* [YOUR OBJECTIVE]: Copy out the data word for word. The images are not part of the copy.
* * * * * * *
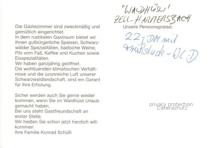 Zell_Harmersbach Gaestehaus Pension Waldhuesli Zell Harmersbach postalisch nicht gelaufen nach 1965 Werbekarte (keine Postkarte) Erhaltung siehe scans [FriedD77] Werbekarte (keine Postkarte) Frierer
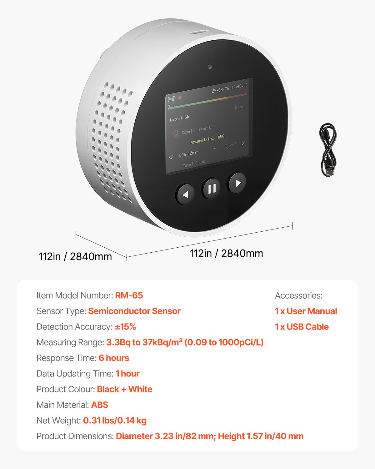 Radon Air Quality Meter Detector For Home 3.3Bq To 37kBq M Battery Powered
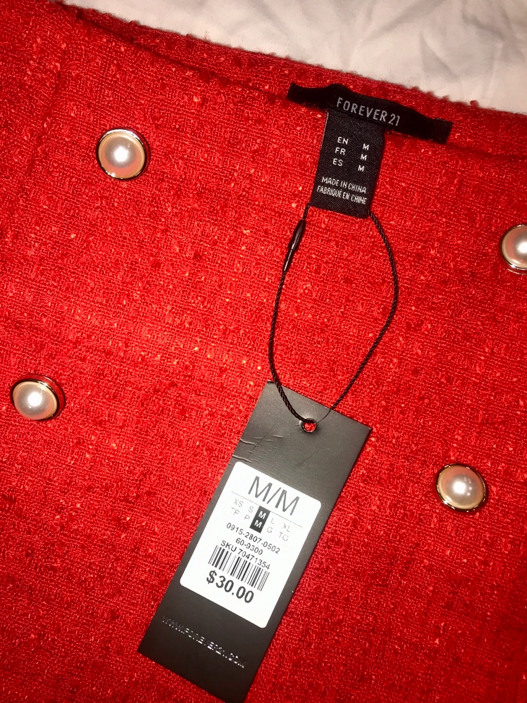 - Brand new with tag - Red tweed mini skirt - Size medium - Features pearl buttons and side slits
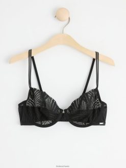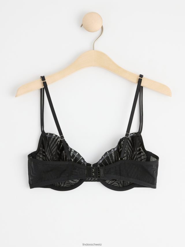 un soutien-gorge à armatures non rembourré avec broderie en dentelle, fabriqué dans un tissu en maille douce.
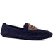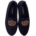 Dolce & Gabbana dark blue suede calfskin loafers with jeweled and lurex crown decoration, matelassé interior with printed logo
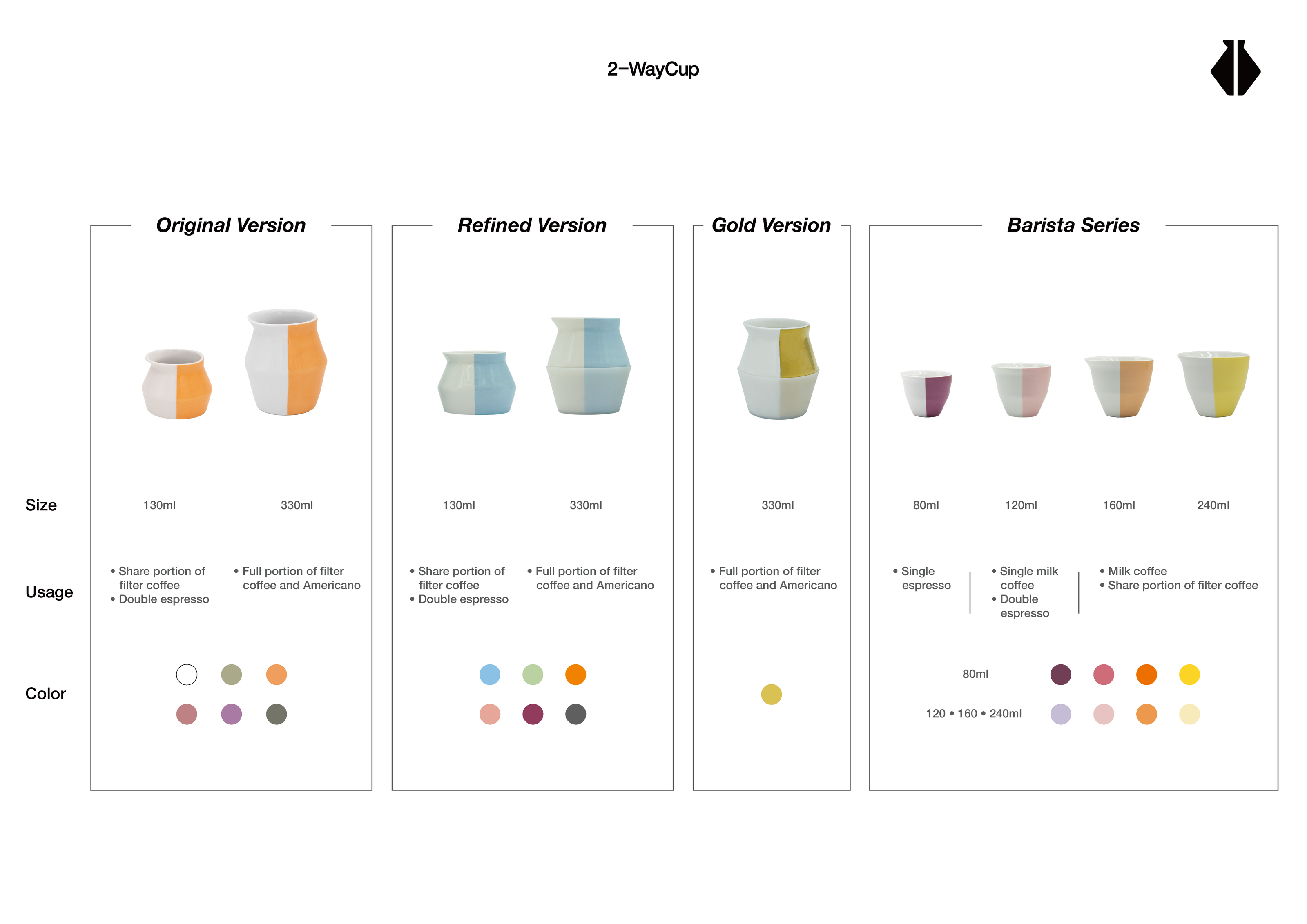 Choose between a small cup (130ml) for espresso, sharing filter coffee, tea, and sake, or a large cup (330ml) for a full cup of filter coffee or an Americano.
* * * * * * *
* [EXERCISE SOLUTION]:
 Zell_Harmersbach Gaestehaus Pension Waldhuesli Zell Harmersbach postalisch nicht gelaufen nach 1965 Werbekarte (keine Postkarte) Erhaltung siehe scans [FriedD77] Werbekarte (keine Postkarte) Frierer
 Radon Air Quality Meter Detector For Home 3.3Bq To 37kBq M Battery Powered
 - Brand new with tag - Red tweed mini skirt - Size medium - Features pearl buttons and side slits
 un soutien-gorge à armatures non rembourré avec broderie en dentelle, fabriqué dans un tissu en maille douce.
 Dolce & Gabbana dark blue suede calfskin loafers with jeweled and lurex crown decoration, matelassé interior with printed logo
 Choose between a small cup (130ml) for espresso, sharing filter coffee, tea, and sake, or a large cup (330ml) for a full cup of filter coffee or an Americano.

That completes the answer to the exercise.